# Movie Review- Red Eye



## Lexus (Jan 19, 2005)

*Lisa Reisert hates to fly, but the terror that awaits her on the night flight to Miami has nothing to do with a fear of flying. Moments after takeoff, Lisa's seatmate, Jackson menacingly reveals the real reason he's on board: He is an operative in a plot to kill a rich and powerful businessman, and Lisa is the key to its success. If she refuses to cooperate, an assassin awaiting a call from Jackson will kill her father. Trapped within the confines of a jet at 30,000 feet, Lisa has nowhere to run and no way to summon help without endangering her father, her fellow passengers and her own life. As the miles tick by, Lisa knows she is running out of time. She desperately looks for a way to thwart her ruthless captor and stop a terrible murder.* 
 

I give it a B. It was good but by no means is a real big scary thriller. I'd say more of a drama. Cillian Murphy makes a great villian (for those of you that dont know he played the villian in Batman Returns) Rachel McAdams is going to make it big, and you can tell by her numerous roles. (Wedding Crashers, The Notebook, Mean Girls) You would think there would be more blood and gore coming with a Wes Craven movie but there isnt, in fact you cant tell he made it at all.

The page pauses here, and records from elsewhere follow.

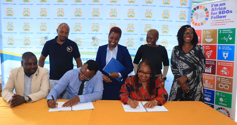 The Office of Career Services on Thursday, 26th March 2026, signed a Memorandum of Understanding (MoU) with Africa for SDGs at the Charter Hall. The ceremony was officiated by the Deputy Vice-Chancellor, Planning, Administration and Finance, Prof. Eucharia Kenya, on behalf of the Vice-Chancellor, Prof. Daniel Mugendi Njiru, alongside the CEO of Africa for SDGs, Dr. Joe Bonga. The partnership aims to support students in volunteerism and enhance their career development pathways.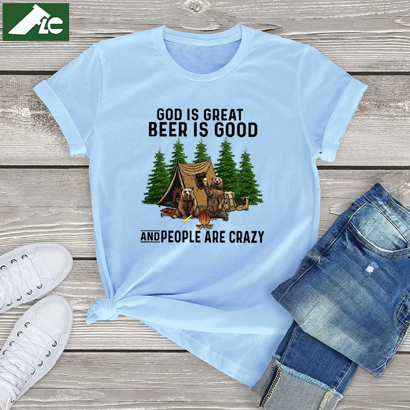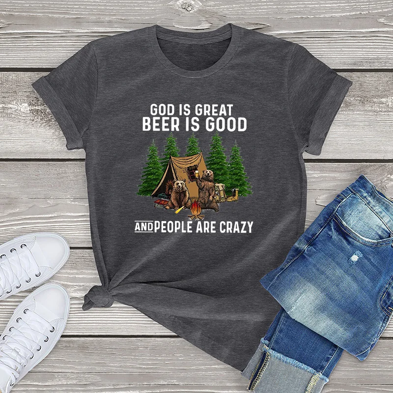 Хлопковая футболка с медведем для кемпинга, женская одежда, женские рубашки с надписью God is Great Beer is Good People are Crazy Funny Bear, модные топы для девочек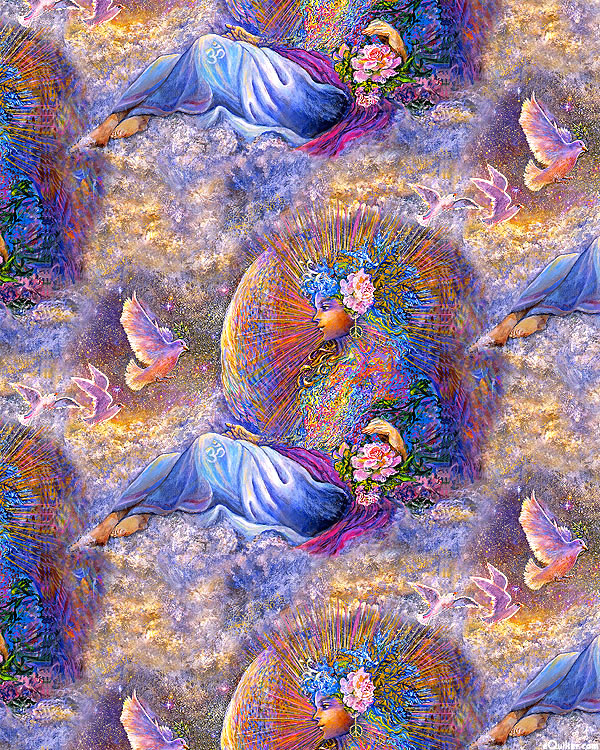 A vivid and painterly depiction of an angel of peace exudes heavenly charm as she gazes upon a dove carrying an olive branch to her in this picturesque piece. Digitally printed, larger figures are about 6", from the 'Angel Of Peace' collection by Josephine Wall for 3 Wishes Fabric.

All in all I'd say its worth the $8.


----------



## fish_doc (Jan 31, 2005)

Wow That print is small. I guess its my old eyes. LOL Or maybe its my laptop monitor.


----------



## aquariumfishguy (Jan 18, 2005)

yeah no, I can't read that....


----------



## Guest (Aug 27, 2005)

i can read it fine... 
and i really want to see it. looks pretty good.


----------



## fish_doc (Jan 31, 2005)

Must have been those carrots I ate yesterday.


----------



## shev (Jan 18, 2005)

*



Lisa Reisert hates to fly, but the terror that awaits her on the night flight to Miami has nothing to do with a fear of flying. Moments after takeoff, Lisa's seatmate, Jackson menacingly reveals the real reason he's on board: He is an operative in a plot to kill a rich and powerful businessman, and Lisa is the key to its success. If she refuses to cooperate, an assassin awaiting a call from Jackson will kill her father. Trapped within the confines of a jet at 30,000 feet, Lisa has nowhere to run and no way to summon help without endangering her father, her fellow passengers and her own life. As the miles tick by, Lisa knows she is running out of time. She desperately looks for a way to thwart her ruthless captor and stop a terrible murder.

Click to expand...

*that better blindos?

I thought it looked horribly dumb on the comercials.


----------



## mlefev (Apr 19, 2005)

Yeah, I haven't seen it yet, but it looks like a rehash of so many other "help I'm stuck in a plane, train, or automobile with a psycho" movies that I'll wait for it to show up at blockbuster.


----------